START Dataset excerpt
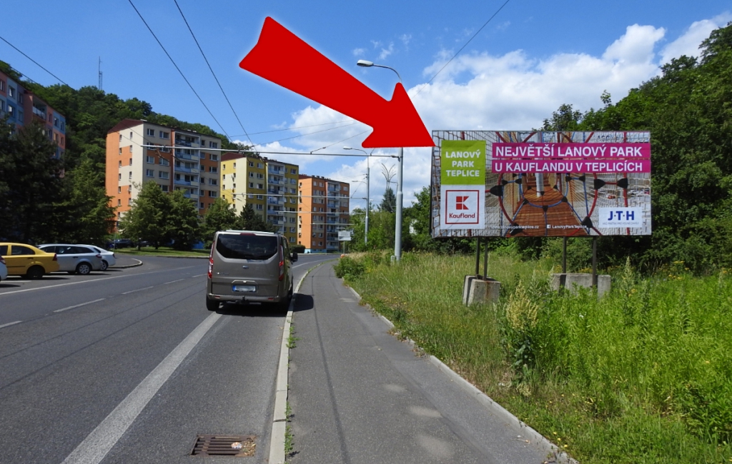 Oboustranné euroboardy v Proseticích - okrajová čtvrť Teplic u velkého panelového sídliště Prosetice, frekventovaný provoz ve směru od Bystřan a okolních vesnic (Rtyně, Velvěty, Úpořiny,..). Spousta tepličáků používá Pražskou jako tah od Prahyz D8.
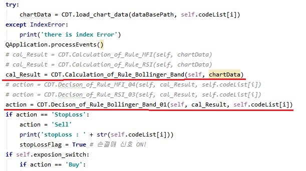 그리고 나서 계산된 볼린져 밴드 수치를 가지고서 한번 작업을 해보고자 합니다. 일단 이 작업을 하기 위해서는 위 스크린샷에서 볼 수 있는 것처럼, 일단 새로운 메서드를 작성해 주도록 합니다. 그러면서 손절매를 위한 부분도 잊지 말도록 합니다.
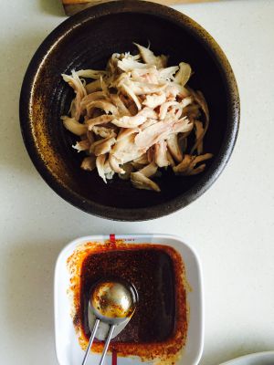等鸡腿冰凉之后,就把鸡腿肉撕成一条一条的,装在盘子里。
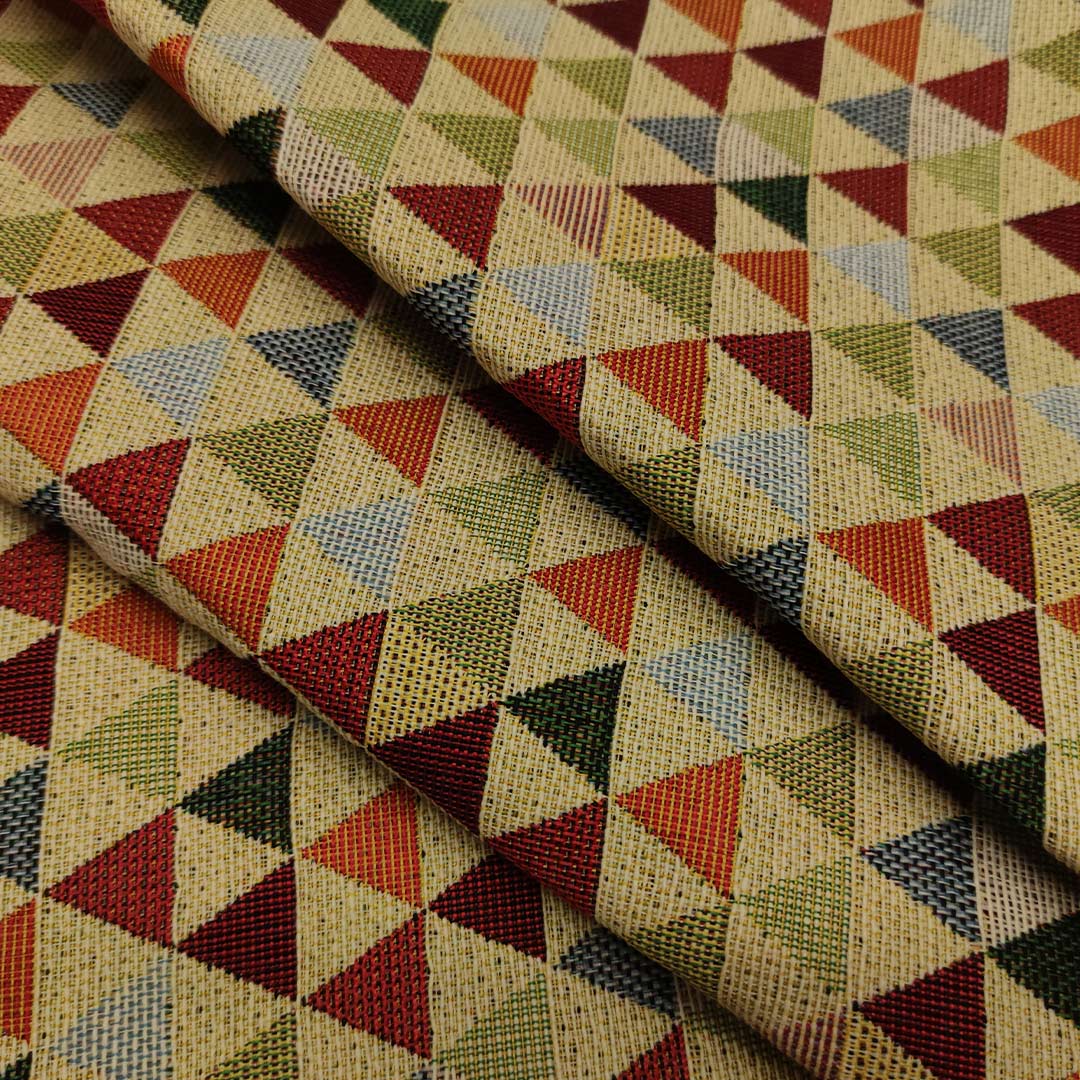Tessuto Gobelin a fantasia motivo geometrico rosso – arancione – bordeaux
END Dataset excerpt
Description of the task - Write the lines above out again exactly, without any of their pictures.

Output of the task -
 Oboustranné euroboardy v Proseticích - okrajová čtvrť Teplic u velkého panelového sídliště Prosetice, frekventovaný provoz ve směru od Bystřan a okolních vesnic (Rtyně, Velvěty, Úpořiny,..). Spousta tepličáků používá Pražskou jako tah od Prahyz D8.
 그리고 나서 계산된 볼린져 밴드 수치를 가지고서 한번 작업을 해보고자 합니다. 일단 이 작업을 하기 위해서는 위 스크린샷에서 볼 수 있는 것처럼, 일단 새로운 메서드를 작성해 주도록 합니다. 그러면서 손절매를 위한 부분도 잊지 말도록 합니다.
等鸡腿冰凉之后,就把鸡腿肉撕成一条一条的,装在盘子里。
Tessuto Gobelin a fantasia motivo geometrico rosso – arancione – bordeaux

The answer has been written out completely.